--- Recorded information Enclosed Below ---

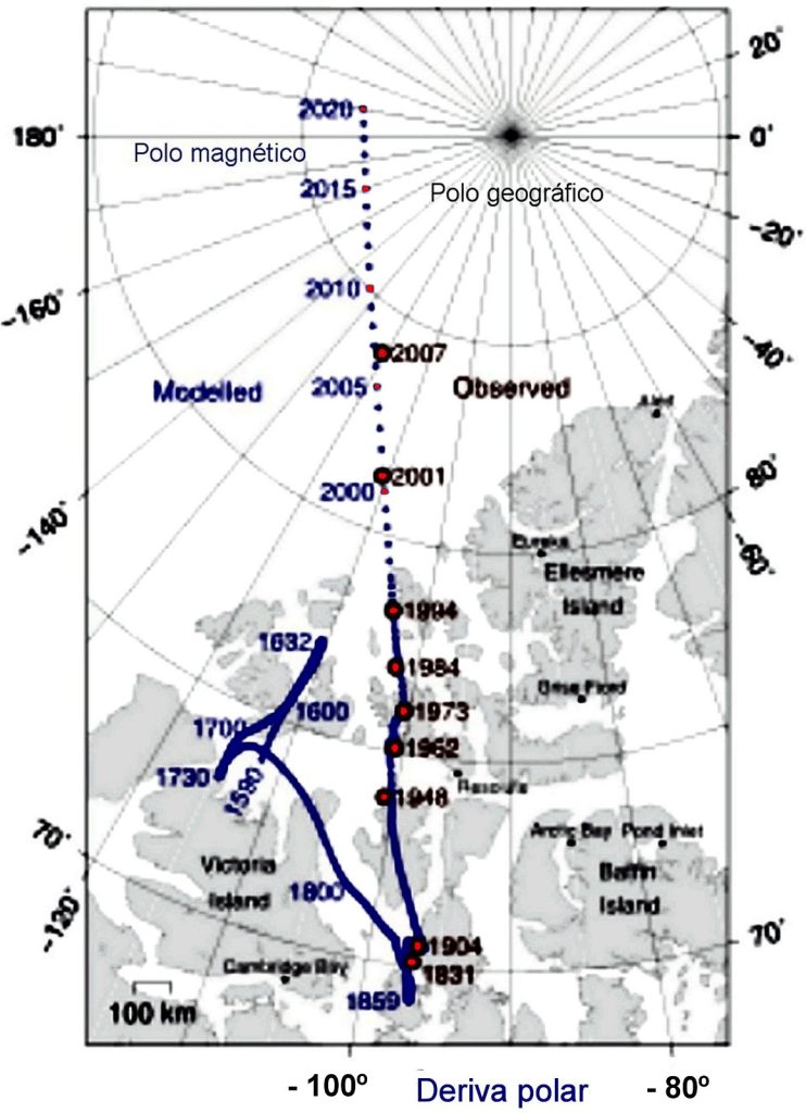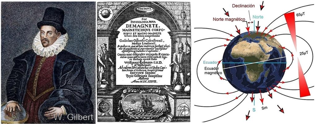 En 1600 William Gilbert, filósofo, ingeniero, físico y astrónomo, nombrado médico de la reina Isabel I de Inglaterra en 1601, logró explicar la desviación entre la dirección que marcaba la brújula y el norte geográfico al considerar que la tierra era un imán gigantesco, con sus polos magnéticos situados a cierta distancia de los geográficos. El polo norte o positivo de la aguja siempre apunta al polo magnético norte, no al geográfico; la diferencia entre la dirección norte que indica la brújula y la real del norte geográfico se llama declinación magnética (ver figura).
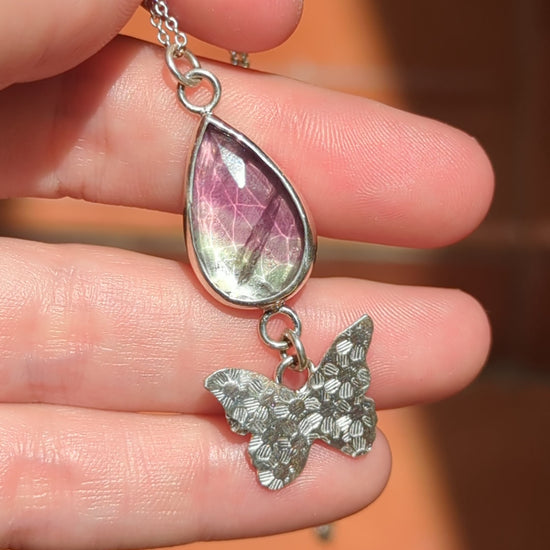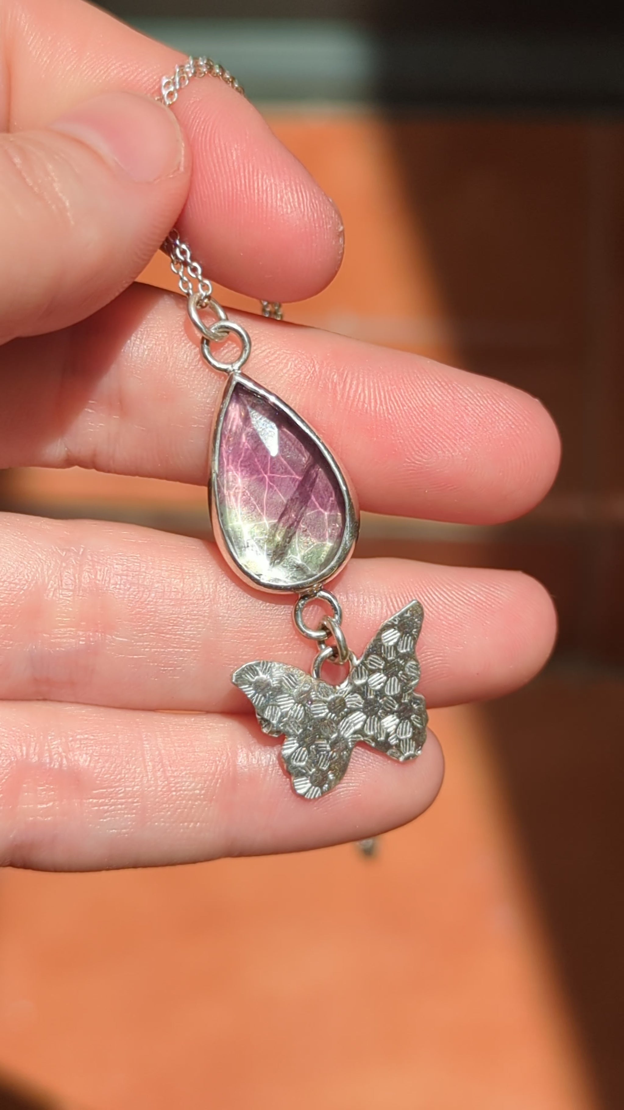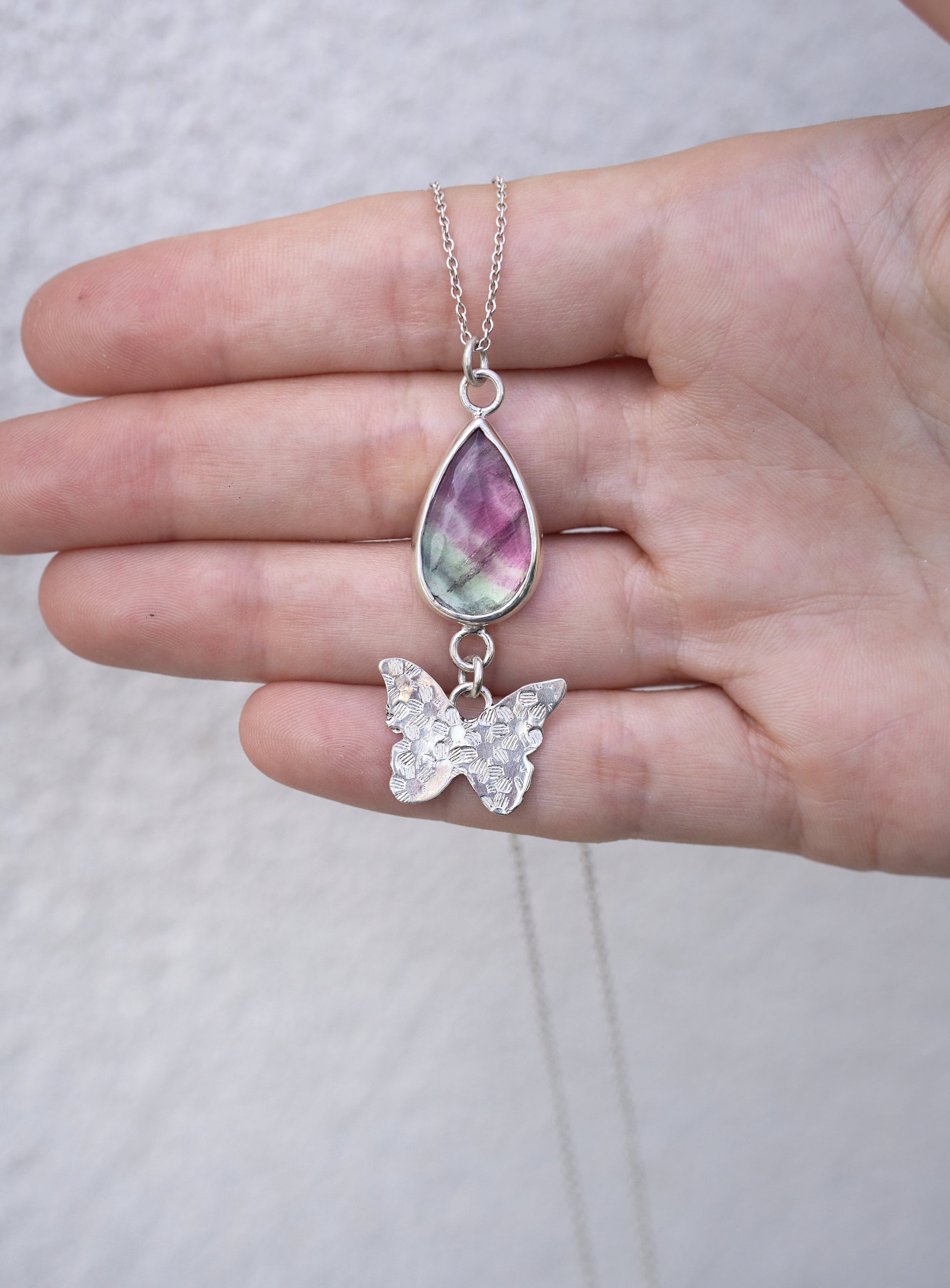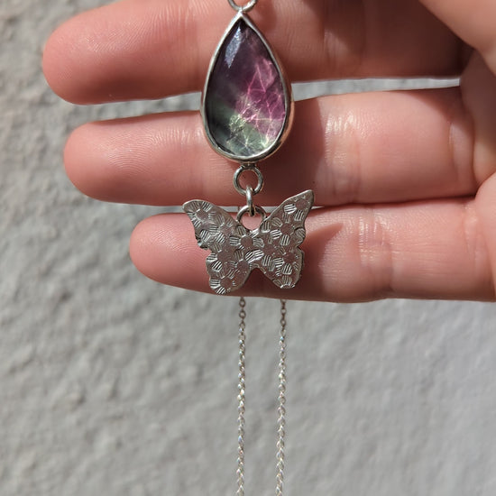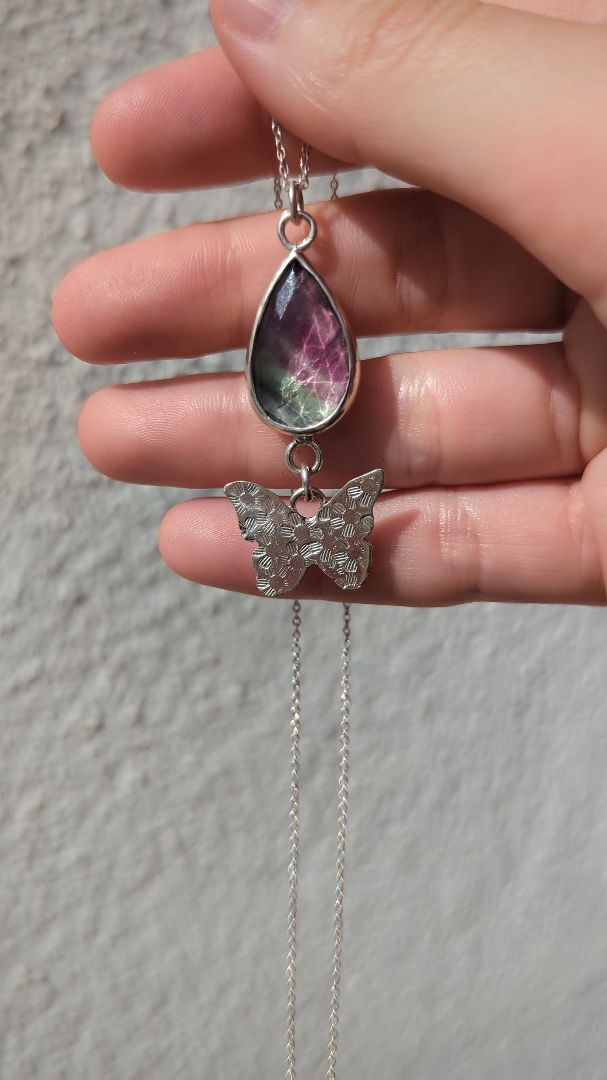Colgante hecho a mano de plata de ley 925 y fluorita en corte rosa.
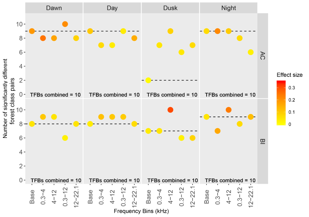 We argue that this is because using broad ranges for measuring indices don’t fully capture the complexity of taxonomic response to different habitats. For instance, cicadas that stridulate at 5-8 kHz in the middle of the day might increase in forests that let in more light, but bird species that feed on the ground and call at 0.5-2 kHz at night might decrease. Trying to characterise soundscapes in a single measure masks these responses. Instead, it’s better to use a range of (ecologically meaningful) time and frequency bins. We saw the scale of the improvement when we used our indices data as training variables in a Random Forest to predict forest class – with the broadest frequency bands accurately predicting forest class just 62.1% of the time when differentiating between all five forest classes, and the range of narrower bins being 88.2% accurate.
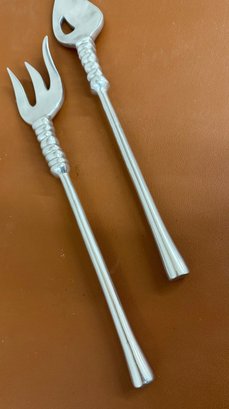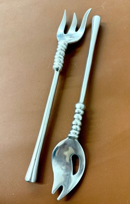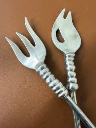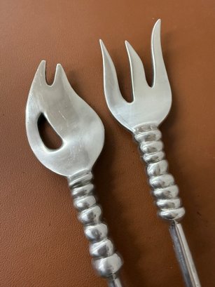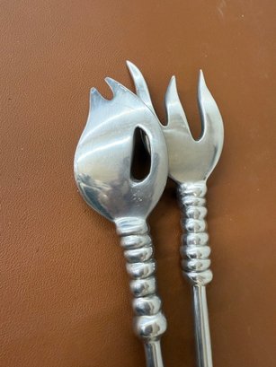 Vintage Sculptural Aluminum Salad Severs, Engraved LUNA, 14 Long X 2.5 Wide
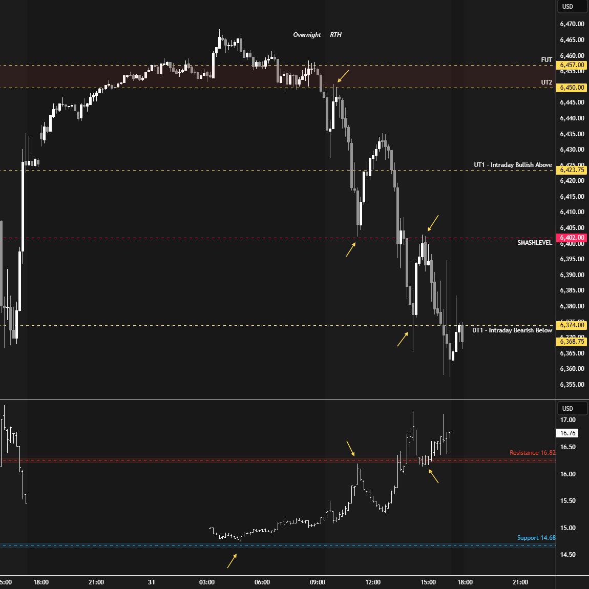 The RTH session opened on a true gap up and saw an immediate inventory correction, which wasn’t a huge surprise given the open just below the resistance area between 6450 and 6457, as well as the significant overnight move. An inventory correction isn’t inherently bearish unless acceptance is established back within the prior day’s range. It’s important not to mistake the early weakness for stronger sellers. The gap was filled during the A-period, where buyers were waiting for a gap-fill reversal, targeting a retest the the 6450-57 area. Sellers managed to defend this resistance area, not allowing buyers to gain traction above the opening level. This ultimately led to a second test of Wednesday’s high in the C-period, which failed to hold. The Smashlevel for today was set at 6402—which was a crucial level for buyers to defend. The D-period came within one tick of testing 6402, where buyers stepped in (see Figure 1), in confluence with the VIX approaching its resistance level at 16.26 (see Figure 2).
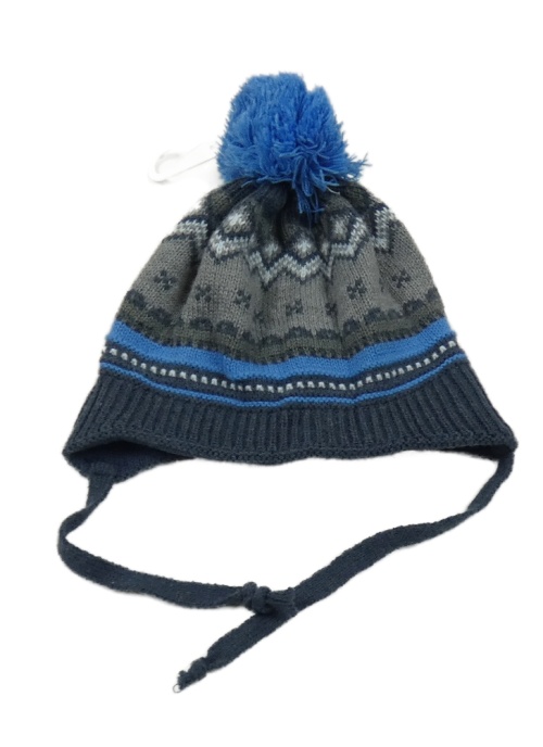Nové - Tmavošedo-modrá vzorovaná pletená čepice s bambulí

--- End of Enclosed Recorded information ---

◆ Exercise details:
Would you copy the lines above exactly, starting with the one that has "Colgante hecho a" and ending with the one that has "Vintage Sculptural Aluminum", both included, without the pictures?

◆ Solution for this exercise:
Colgante hecho a mano de plata de ley 925 y fluorita en corte rosa.
 We argue that this is because using broad ranges for measuring indices don’t fully capture the complexity of taxonomic response to different habitats. For instance, cicadas that stridulate at 5-8 kHz in the middle of the day might increase in forests that let in more light, but bird species that feed on the ground and call at 0.5-2 kHz at night might decrease. Trying to characterise soundscapes in a single measure masks these responses. Instead, it’s better to use a range of (ecologically meaningful) time and frequency bins. We saw the scale of the improvement when we used our indices data as training variables in a Random Forest to predict forest class – with the broadest frequency bands accurately predicting forest class just 62.1% of the time when differentiating between all five forest classes, and the range of narrower bins being 88.2% accurate.
 Vintage Sculptural Aluminum Salad Severs, Engraved LUNA, 14 Long X 2.5 Wide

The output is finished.